Post Thu Oct 27, 2011 8:19 am
Elapsed Time: 00:00
  • Lap #[LAPCOUNT] ([LAPTIME])



    The circle with center C shown above is tangent to both axes. If the distance from O to C is equal to k, what is the radius of the circle, in terms of k ?


    (A) k
    (B) k/(sqrt 2)
    (C) k/(sqrt 3)
    (D) k/2
    (E) k/3

    Can anyone help me with this question? I understand the answer but the answer I originally got was not in the answer choices.

    What I did was I extended k past the center of the circle, so I form the circle inscribed in a square.

    As k is double the length, I made it so its 2k as the hypotenuse. The ratio formula for an equilateral right triangle is x : x : x*sqrt 2
    So I did x*sqrt 2 = 2k
    Isolate x and you get x = 2k/(sqrt 2)

    So the legs of the triangle is 2k/(sqrt 2).
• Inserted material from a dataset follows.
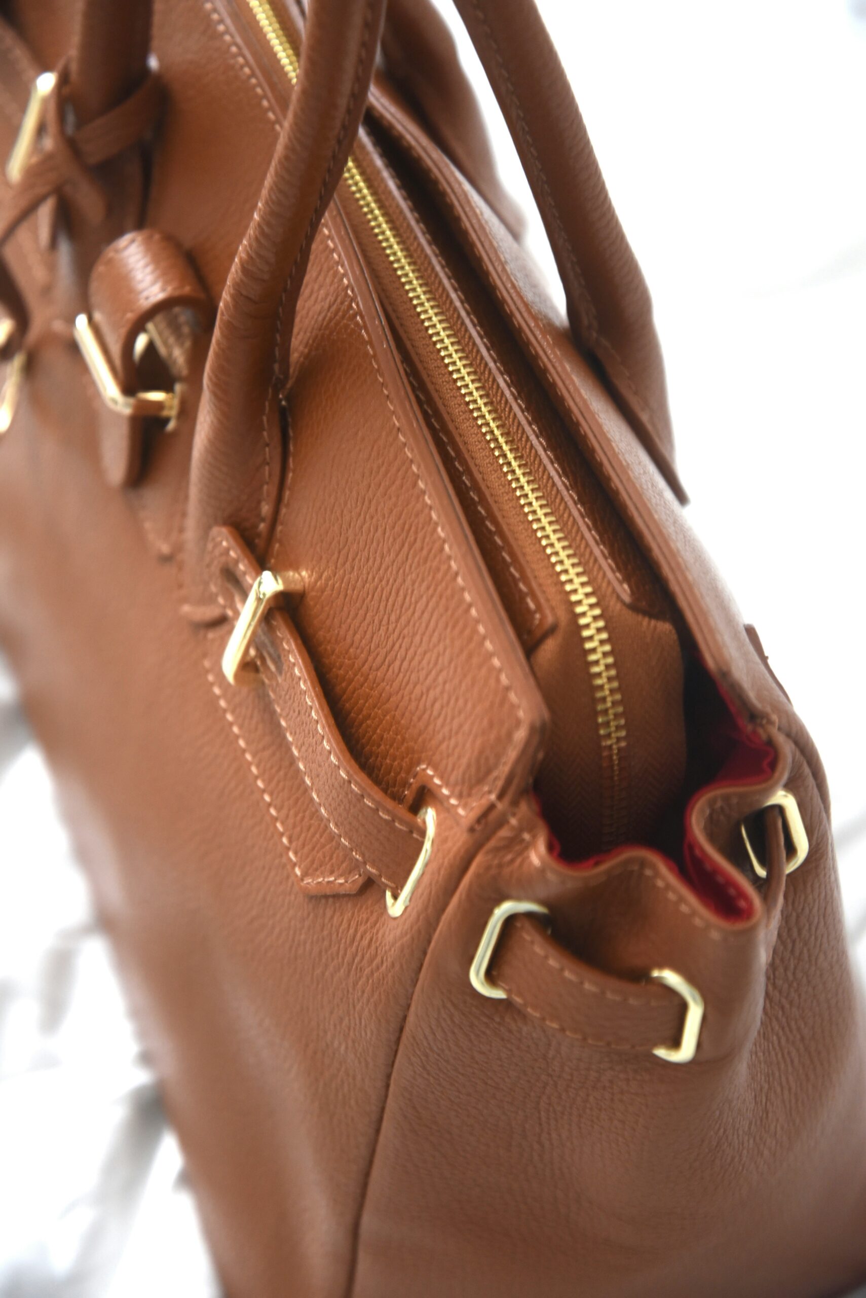 Structured tan leather handbag with gold zip and hardware.
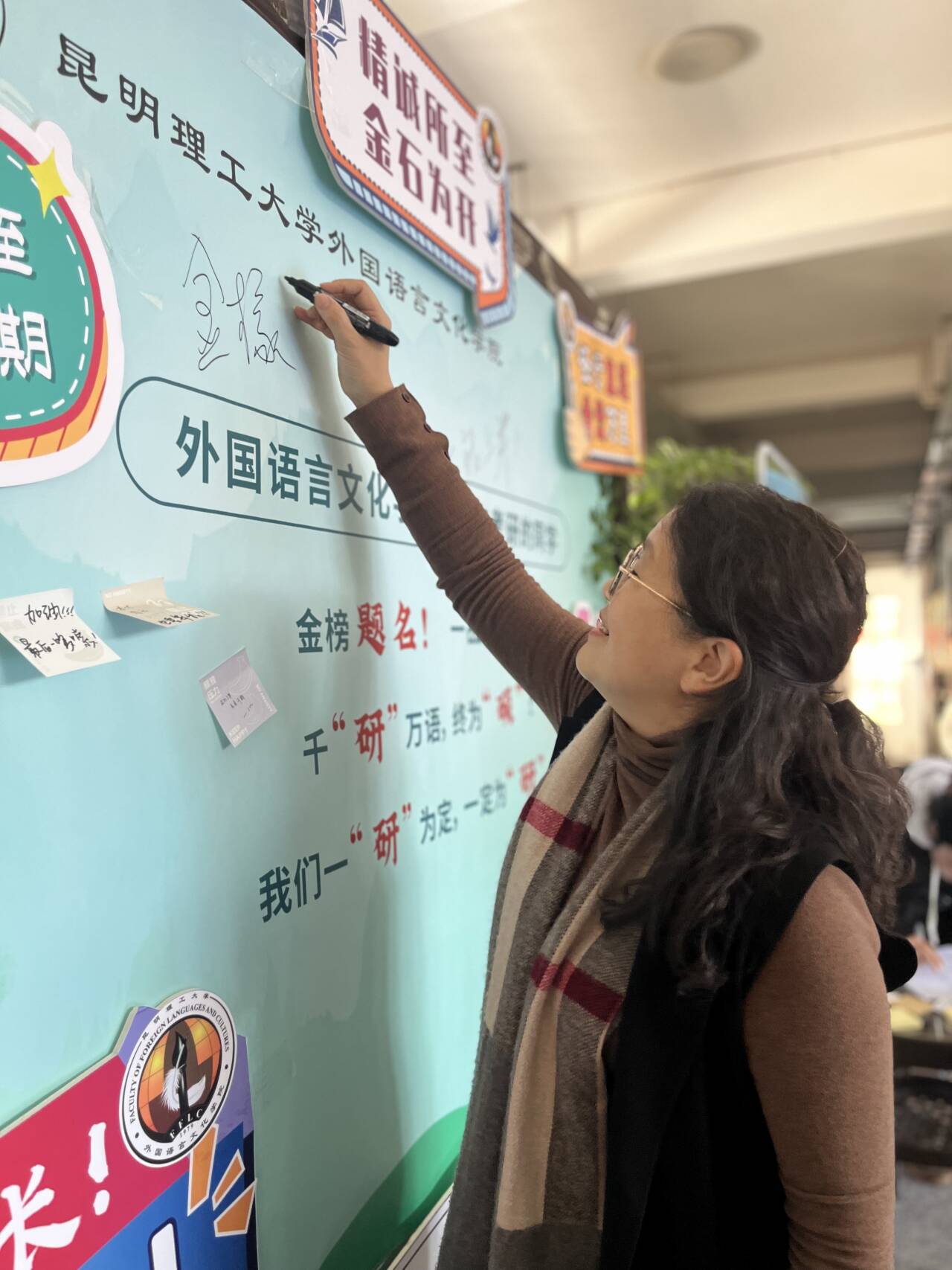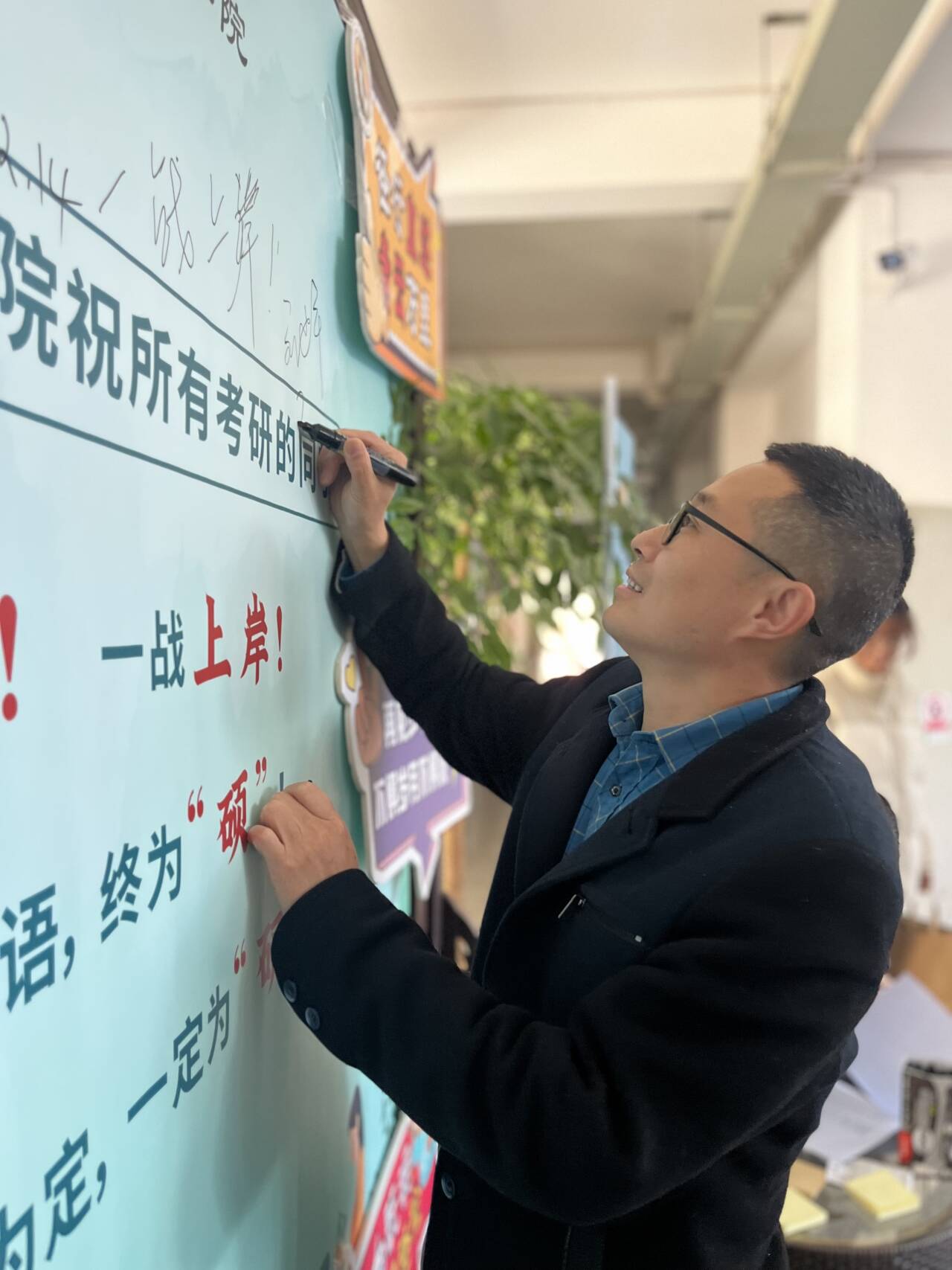 学院领导和老师与到场学生代表进行交流,亲切问询学生的备考情况,为考研学子送上慰问礼包。本次活动准备共计70余份慰问礼包,发放礼品包含考试文具、祝福书签等,为考研学子送去冬日的温暖祝福。博文楼一楼设考研加油站,学院师生将美好的祝福写在便利贴和宣传展板上,为考研学子加油打气。

I simplified it by multiplying both numerator and denominator by sqrt 2, so I got
    X = (2k*sqrt 2)/2 which becomes k*sqrt 2. Since the leg is the diameter, I divided it by 2 and my final answer was (k*sqrt 2)/2 but the answer choice isn’t there.

    Is it wrong to simplify 2k/(sqrt 2)? Because if I get 2k/sqrt 2 divided by 2, then I get the correct answer. I guess my question is when do you leave the sqrt denominator alone and when do you multiply both numerator and denominator by the sqrt?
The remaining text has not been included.